Mets Spring Training Experience, Not What It Used To Be
It was nearly a yearly event from 2016 to 2019, that I would take my baseball teams and trek over to the east coast of Florida to visit the Mets Spring Training workouts. Now of course, I did it to bring the game more to life for the kids by having some of my buddies meet with them, like T.J. Rivera, Chasen Bradford, and Dilson Herrera, to name a few. And the overall experience was always great, as my teams got a chance to see how the pros worked out and prepared for games.
It has been three spring trainings since I have traveled over from our home in Cape Coral, FL and one, because of the Covid Pandemic in 2020 that shut down baseball and then just being busy with the family. But it’s a trip that I always look forward to, but maybe a bit more then the kiddos, I mean I am a Mets fan after-all.
So this year, I decided I would invite my Babe Ruth team and take the almost three hour trip to see my beloved Mets.
Upon arrival, I realized very quickly how things have changed over the past four years since my last visit.
The one thing that I have loved about the Steven A. Cohen era, is that the Mets have become a team that the fans can truly love again and not just on the field but how he changed the organization in just a short amount of time to involve the fans in the fun. That’s why it was very odd for me to be disappointed in my visit on Monday to the Mets first day of full squad workouts. Where were the players and why was there a sense that fans were not allowed to get too close?
In previous years, the fans had so much access to the players, that you felt like you were part of the organization, if just for one day. The player’s made time to stop and sign autographs for 5, 10, 15 minutes and some even a half hour and make sure that all fans at least got something signed. It has always been great to see that, because spiring training has always been the relaxing time for the players to meet and talk to the fans.
But on Monday, it was different and I noticed it as soon as we arrived. The Mets did make many alterations to the back fields that seemed to allow for better training sessions, and as we arrived, the pitchers were in their sessions, but where were the other players. It was nearly 10:30 am and all the other bigger fields were empty, where in years past, crowds would gather to watch the stars in their warm ups, then over to batting practice and training sessions. You could see all the news reporters hovered near the dugouts as they watched the players get their work in. But on Monday, those sights were no where to be found.
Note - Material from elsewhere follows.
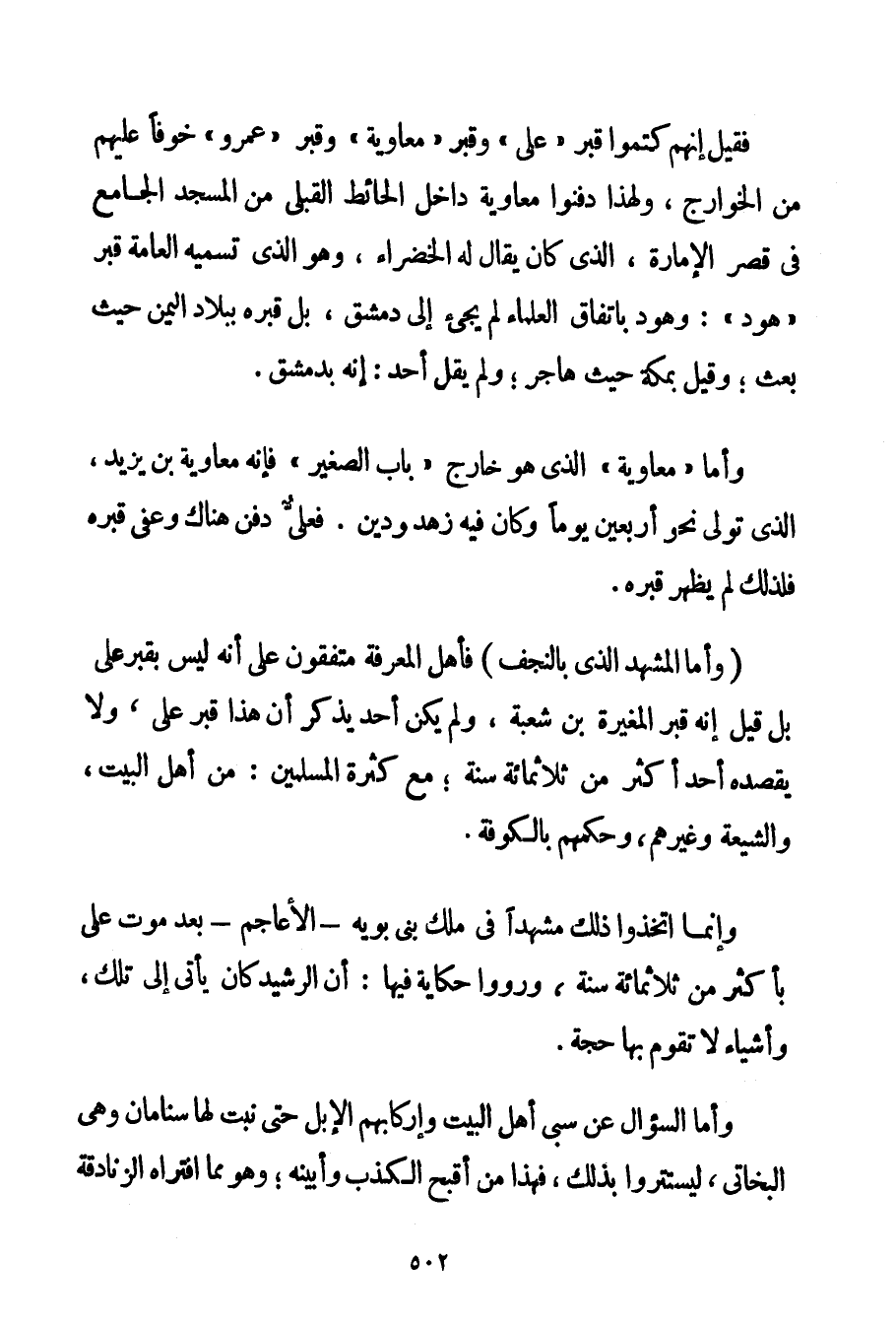 فَقِيلَ إنَّهُمْ كَتَمُوا قَبْرَ " عَلِيٍّ " وَقَبْرَ " مُعَاوِيَةَ " وَقَبْرَ " عَمْرٍو " خَوْفًا عَلَيْهِمْ مِنْ الْخَوَارِجِ وَلِهَذَا دَفَنُوا مُعَاوِيَةَ دَاخِلَ الْحَائِطِ الْقِبْلِيِّ مِنْ الْمَسْجِدِ الْجَامِعِ فِي قَصْرِ الْإِمَارَةِ الَّذِي كَانَ يُقَالُ لَهُ الْخَضْرَاءُ وَهُوَ الَّذِي تُسَمِّيهِ الْعَامَّةُ قَبْرَ " هُودٍ ": وَهُودٌ بِاتِّفَاقِ الْعُلَمَاءِ لَمْ يَجِئْ إلَى دِمَشْقَ بَلْ قَبْرُهُ بِبِلَادِ الْيَمَنِ حَيْثُ بُعِثَ؛ وَقِيلَ بِمَكَّةَ حَيْثُ هَاجَرَ؛ وَلَمْ يَقُلْ أَحَدٌ: إنَّهُ بِدِمَشْقَ. وَأَمَّا " مُعَاوِيَةُ " الَّذِي هُوَ خَارِجُ " بَابِ الصَّغِيرِ " فَإِنَّهُ مُعَاوِيَةُ بْنُ يَزِيدَ الَّذِي تَوَلَّى نَحْوَ أَرْبَعِينَ يَوْمًا وَكَانَ فِيهِ زُهْدٌ وَدِينٌ. فَعَلِيٌّ دُفِنَ هُنَاكَ وَعَفَا قَبْرُهُ فَلِذَلِكَ لَمْ يَظْهَرْ قَبْرُهُ. وَأَمَّا الْمَشْهَدُ الَّذِي بِالنَّجَفِ فَأَهْلُ الْمَعْرِفَةِ مُتَّفِقُونَ عَلَى أَنَّهُ لَيْسَ بِقَبْرِ عَلِيٍّ بَلْ قِيلَ إنَّهُ قَبْرُ الْمُغِيرَةِ بْنِ شُعْبَةَ وَلَمْ يَكُنْ أَحَدٌ يَذْكُرُ أَنَّ هَذَا قَبْرُ عَلِيٍّ وَلَا يَقْصِدُهُ أَحَدٌ أَكْثَرَ مِنْ ثَلَاثِمِائَةِ سَنَةٍ؛ مَعَ كَثْرَةِ الْمُسْلِمِينَ: مِنْ أَهْلِ الْبَيْتِ وَالشِّيعَةِ وَغَيْرِهِمْ وَحُكْمِهِمْ بِالْكُوفَةِ. وَإِنَّمَا اتَّخَذُوا ذَلِكَ مَشْهَدًا فِي مُلْكِ بَنِي بويه - الْأَعَاجِمِ - بَعْدَ مَوْتِ عَلِيٍّ بِأَكْثَرَ مِنْ ثَلَاثِمِائَةِ سَنَةٍ وَرَوَوْا حِكَايَةً فِيهَا: أَنَّ الرَّشِيدَ كَانَ يَأْتِي إلَى تِلْكَ وَأَشْيَاءَ لَا تَقُومُ بِهَا حُجَّةٌ.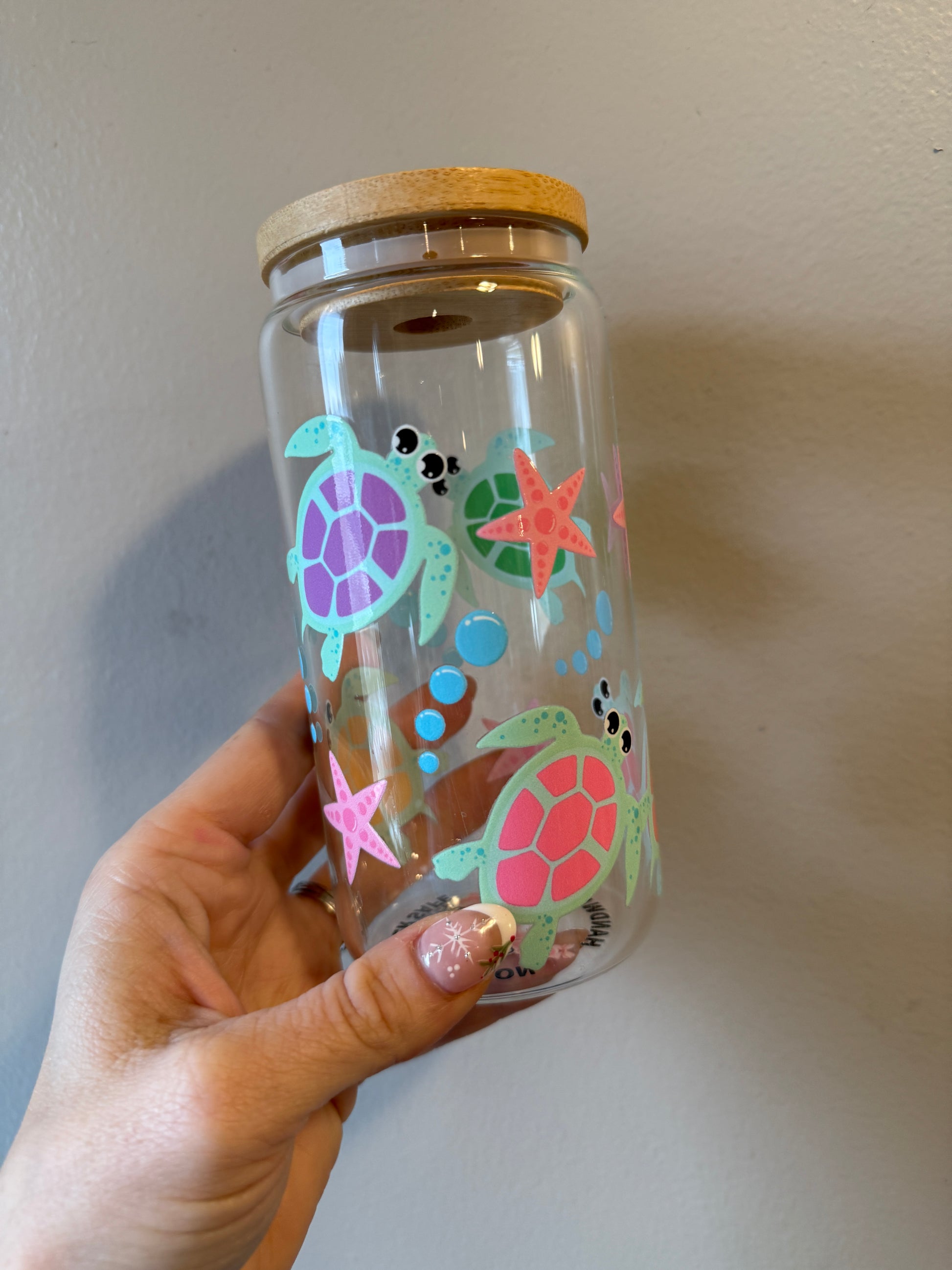 This Sweet Sea Turtle glass can features adorable pastel sea turtles swimming among bubbly ocean details and cheerful starfish. With its soft colors and playful underwater design, this cup brings calm coastal vibes and a touch of whimsy to every sip. Perfect for iced coffee, tea, or a refreshing summer drink, it’s a must-have for ocean lovers and turtle fans alike.

I can’t say there weren’t any sort of workouts going on, but they were very light and not the names that fans flocked to see. As for me, I am ok with watching any Mets player who is on the 40 Man-Roster or a Non-Roster Invitee work out, but most fans want to see the big names with the likes of Francisco Lindor, Pete Alonso, Max Scherzer, or Justin Verlander. Especially when many fans traveled from further than three hours to see their favorite team. Some even traveling from Queens, New York.
Now don’t get me wrong, its not that I am bitter, its just that I was spoiled and taking my teams to see great pro workouts was always the plan. Today it just wasn’t that.
Not sure if that is just how the Mets are doing it, and not other clubs, but it has to be better. Its a fan first sport, or at least its supposed to be. An organization should want their fans to walk away with an experience, create memories and not feel like only their money for tickets or merchandise matter. Now Cohen may not need their money, but I am sure he does want to keep the fan base happy.
It truly makes sense what Jesse Cole, the owner of the Savannah Bananas, has figured out. He created a party atmosphere on the baseball diamond with his Bananas World Tour, and it may not be the baseball we all want to see, but it keeps the fans engaged. All we could hear fans say on Monday was, ‘Where are all the players and why the private workouts.’ And that’s how it seemed, like a team not allowed to interact with the fans.
Could it be Covid changed the fan interaction? Could it be the World Baseball Classic pulling guys away? Or could it be the organization that preaches fan first, in reality are very hesitant to truly allow the fans to interact with the ball players.
My thought is if you are going to grow the game around the fans and want the kids to love the game and grow with the game, then the fans have to truly be first.
I want to say to the guys that took the time on Monday to sign autographs for the fans, they get it. Thank you for caring that much.
But the organization just needs to do better to keep the fan interaction going every year. I hope my team walked away with some sort of positive experience, but when there isn’t much to see, then it’s very hard to keep them engaged for too long.